# Church only elected as a whole?



## Weston Stoler (Dec 9, 2011)

What would you say to someone who says this?

"I believe that Christ has elected a body of believers as a group - in the same way that he chose Israel (even though not all the Israelites believed), he chose the church to follow Him."

It seems really foolish to me seeing as not all Israelites believed however what would be your rebuttal?


----------



## Tim (Dec 9, 2011)

This person is an Arminian who is trying to explain the use of the word _election_ in the Bible.


----------



## Weston Stoler (Dec 9, 2011)

well I know that. It was pretty obvious. I was just wondering if their were any texts that would combat this idea of only being predestined as a group.


----------



## seajayrice (Dec 9, 2011)

Tim said:


> This person is an Arminian who is trying to explain the use of the word _election_ in the Bible.



Agreed. Right out of the Herbert Lockyer quote book. The texts concerning election are clear; put the eisegete in the dock and let them explain the Arminian position.


----------



## Bill The Baptist (Dec 9, 2011)

Sounds a bit like Federal Vision, too.


----------



## Contra_Mundum (Dec 9, 2011)

Scripture states: "Not all of them who _are *of*_ Israel _are_ Israel," Rom.9:6.

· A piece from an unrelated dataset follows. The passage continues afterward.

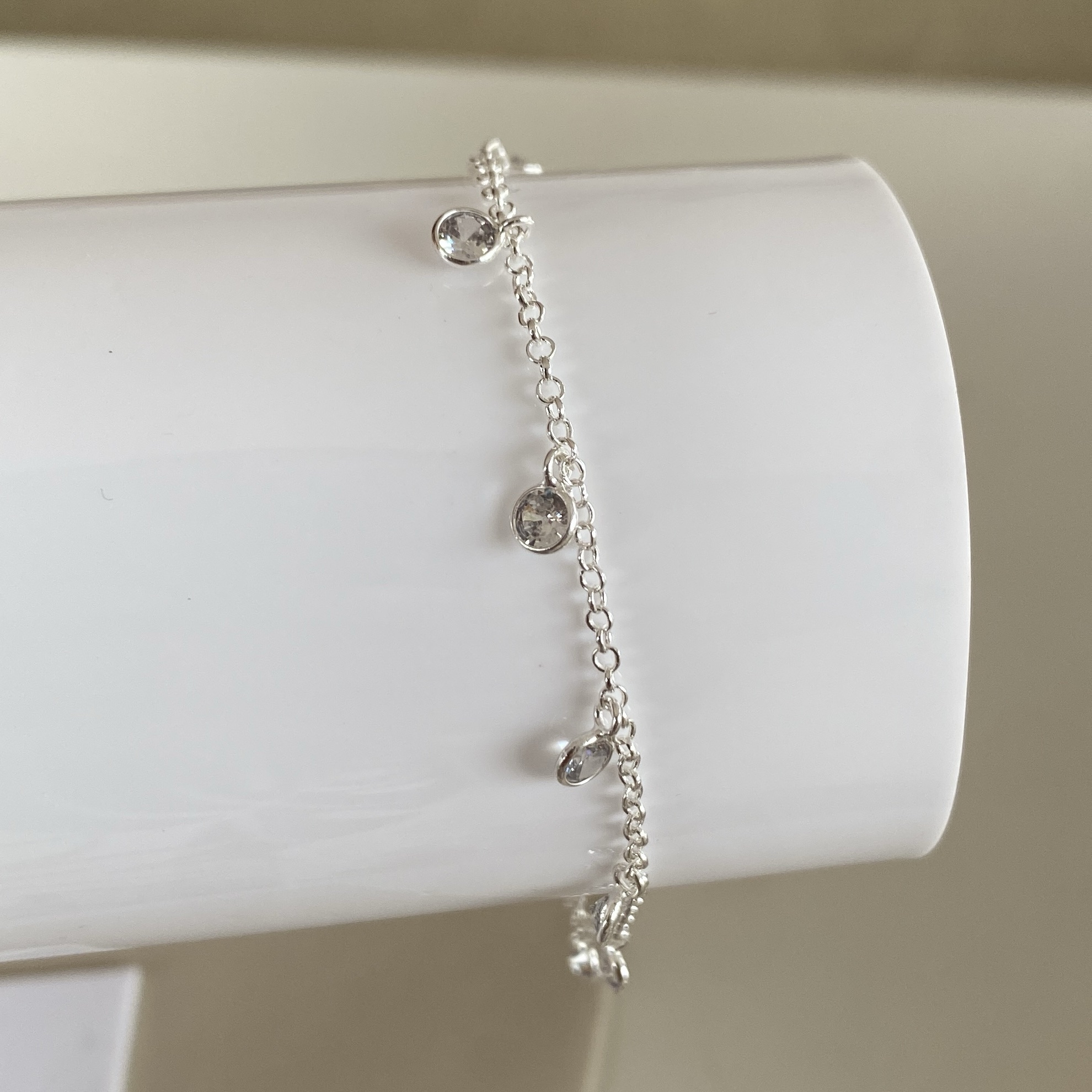 Pulseira De Prata Feminina Ponto De Luz Prata 925

This is the Apostle's grand explanation for why the appearance of election (via the nation Israel) may seem to have failed, since the "elect nation" has as a collective-body rejected its Messiah.

No, but there is an election that is "according to grace," Rom.11:5, and not merely that of outward connection to a body. All of _that_ Israel are certain to be redeemed, through faith in the same Messiah.

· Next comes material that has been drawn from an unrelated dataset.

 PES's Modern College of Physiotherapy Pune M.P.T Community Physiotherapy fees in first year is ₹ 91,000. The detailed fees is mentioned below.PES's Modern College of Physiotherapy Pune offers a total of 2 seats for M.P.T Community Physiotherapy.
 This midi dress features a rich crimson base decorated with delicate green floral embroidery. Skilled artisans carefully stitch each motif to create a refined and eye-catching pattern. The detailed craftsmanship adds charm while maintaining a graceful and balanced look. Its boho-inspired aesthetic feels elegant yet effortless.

This is an election of _of individuals,_ a remnant, out of a "mass" or "collective" or "corporate," external election.


----------



## py3ak (Dec 9, 2011)

The example of Jacob, Romans 9, makes it clear that election is of definite individuals.


----------



## Weston Stoler (Dec 10, 2011)

py3ak said:


> The example of Jacob, Romans 9, makes it clear that election is of definite individuals.



Then you got those Dispensational feller's who say it is only talking about Israel and how they were chosen over all the others. Of course they fail to remember about pharaoh....


----------



## fredtgreco (Dec 10, 2011)

The Scripture is full of elect individuals. Ruben is right about Jacob. But there is also the widow of Zarephath, and Naaman (cf. Luke 4:26-27).


----------



## py3ak (Dec 10, 2011)

Weston Stoler said:


> py3ak said:
> 
> 
> > The example of Jacob, Romans 9, makes it clear that election is of definite individuals.
> ...



There is not much you can do with people who won't read the text. But it talks specifically about unborn twins, and distinguishes between them; how much more individual can you get?


----------